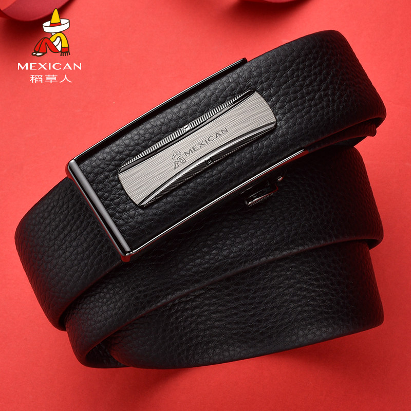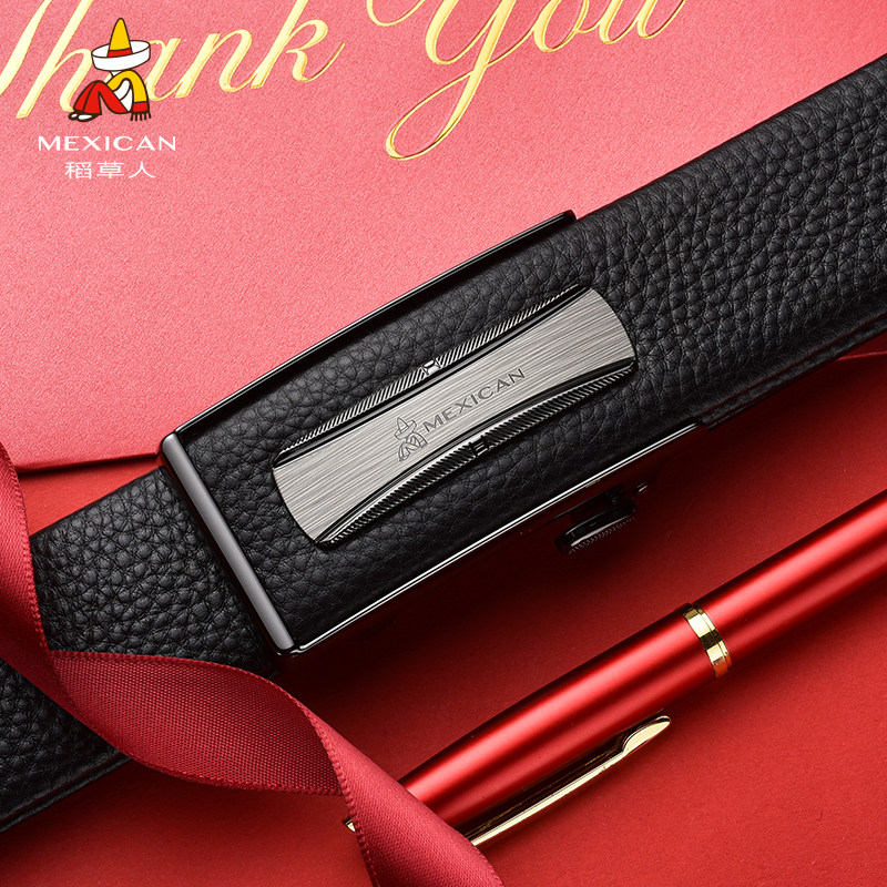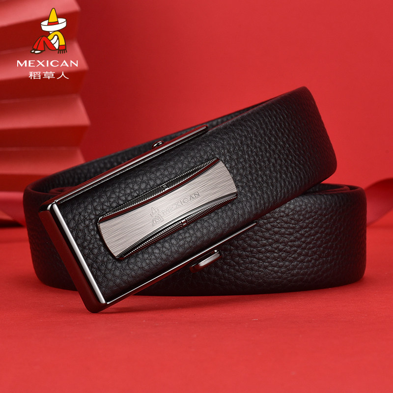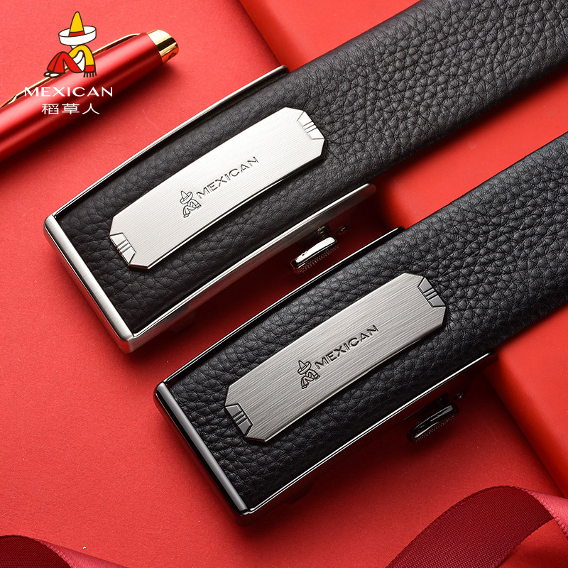稻草人男士皮带自动扣头层牛皮内穿款不露尾商务青年爸爸腰带裤带
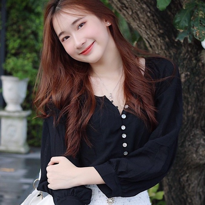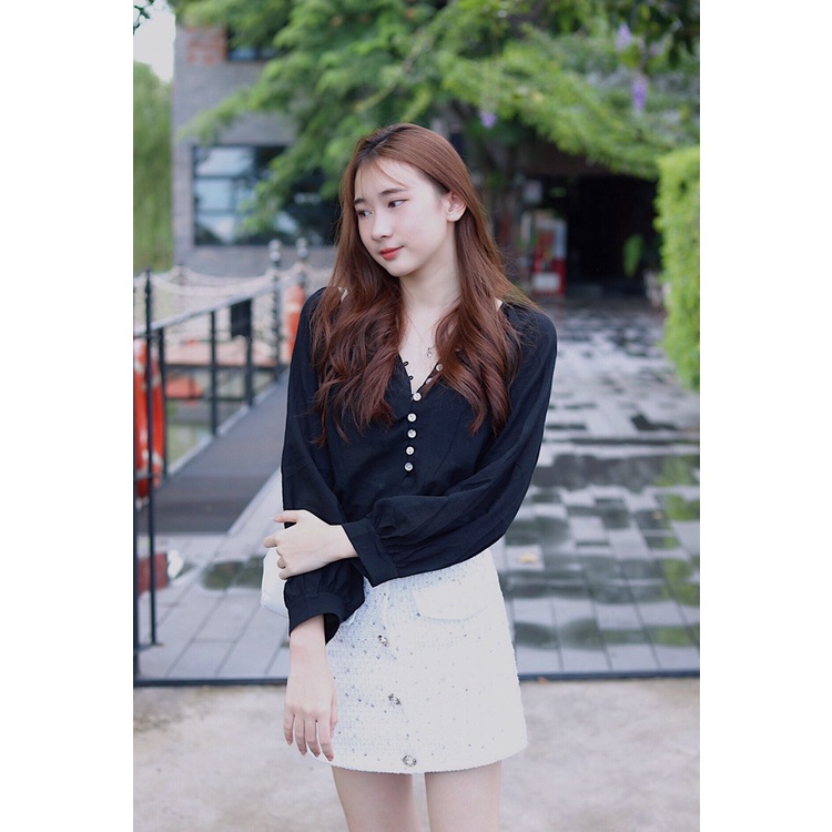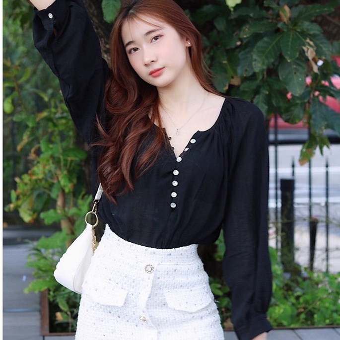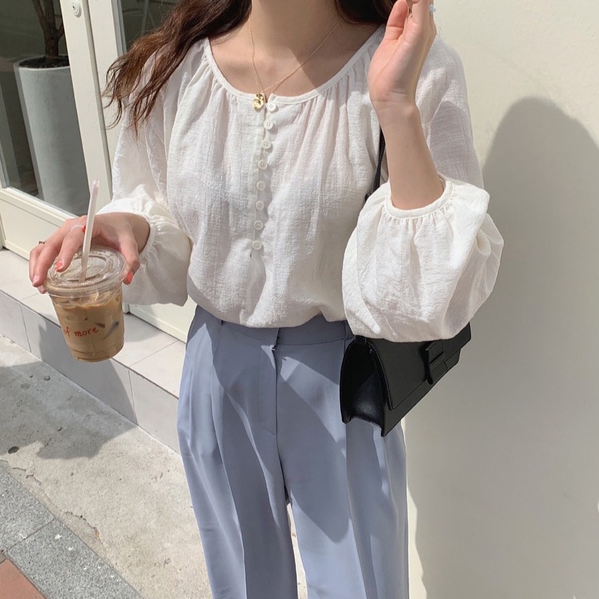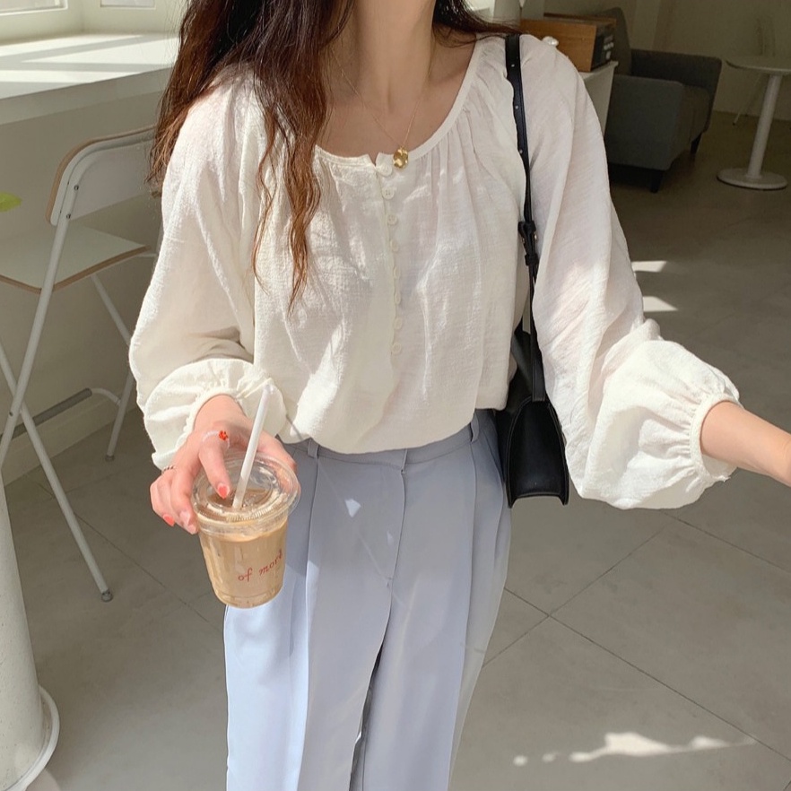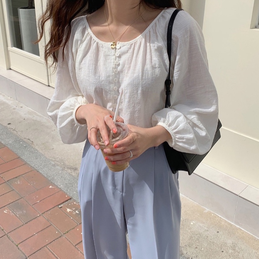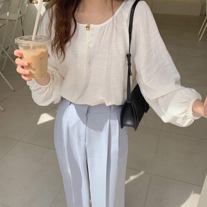 KSTYLE4U เสื้อสีพื้นแขนยาวแต่งดีเทลกระดุมหน้า #2166 เสื้อสีพื้น เสื้อใส่ทำงาน เสื้อแต่งกระดุม
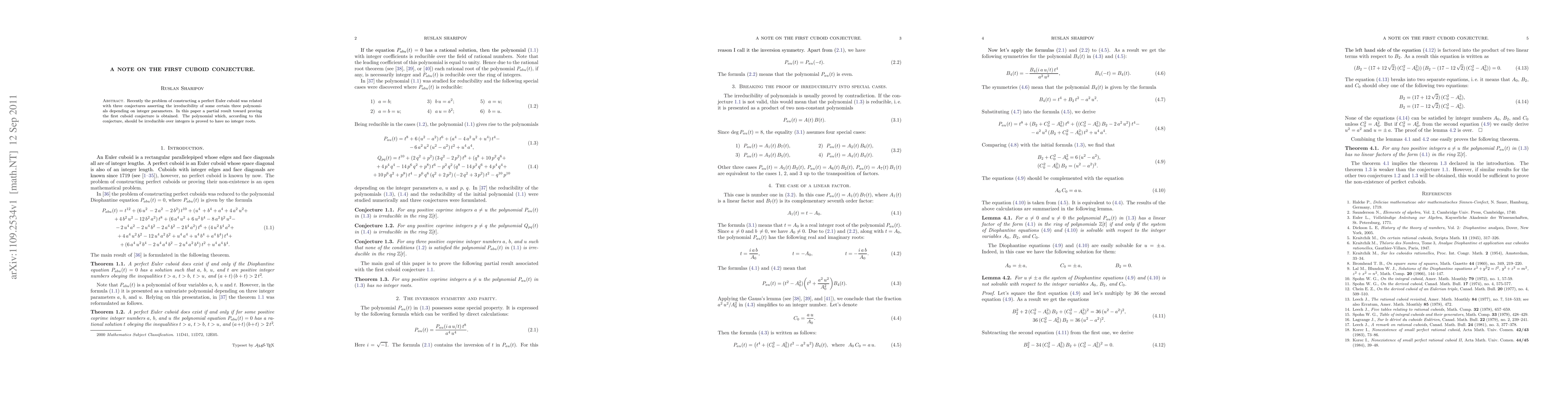 Recently the problem of constructing a perfect Euler cuboid was related with three conjectures asserting the irreducibility of some certain three polynomials depending on integer parameters. In this paper a partial result toward proving the first cuboid conjecture is obtained. The polynomial which, according to this conjecture, should be irreducible over integers is proved to have no integer roots.
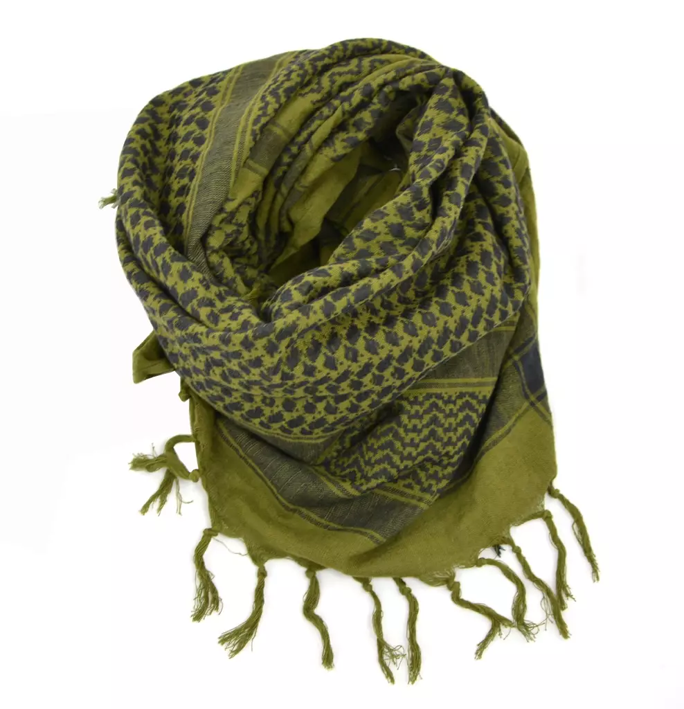 Hollantilainen shemagh arabihuivi, mustavihreä, ylijäämä. Hollannin armeijan käytetty shemagh arabihuivi käy ympärivuotiseen käyttöön. Shemaghia on käytetty kautta aikojen kuumissa aavikko-olosuhteissa ns. Arabihuivina. Sopii siis käytettäväksi niin kuumissa kuin viileimmissäkin olosuhteissa. Tätä huivia voit käyttää monella eri tavalla, kuten päähineenä, kaulahuivina, kantositeenä, naamiointiin tai vaikka vetoköytenä tarpeen vaatiessa. Kuumilla keleillä voit kastella shemaghin kylmällä vedellä ja asettaa päähäsi viilentämään tunteita. Erittäin monikäyttöinen huivi kaikenlaiseen resuamiseen.

Work request:
Go from the first line of the data above to the line containing "KSTYLE4U เสื้อสีพื้นแขนยาวแต่งดีเทลกระดุมหน้า #2166" and retype exactly those lines, both included, but none of the pictures.

Written solution:
稻草人男士皮带自动扣头层牛皮内穿款不露尾商务青年爸爸腰带裤带
 KSTYLE4U เสื้อสีพื้นแขนยาวแต่งดีเทลกระดุมหน้า #2166 เสื้อสีพื้น เสื้อใส่ทำงาน เสื้อแต่งกระดุม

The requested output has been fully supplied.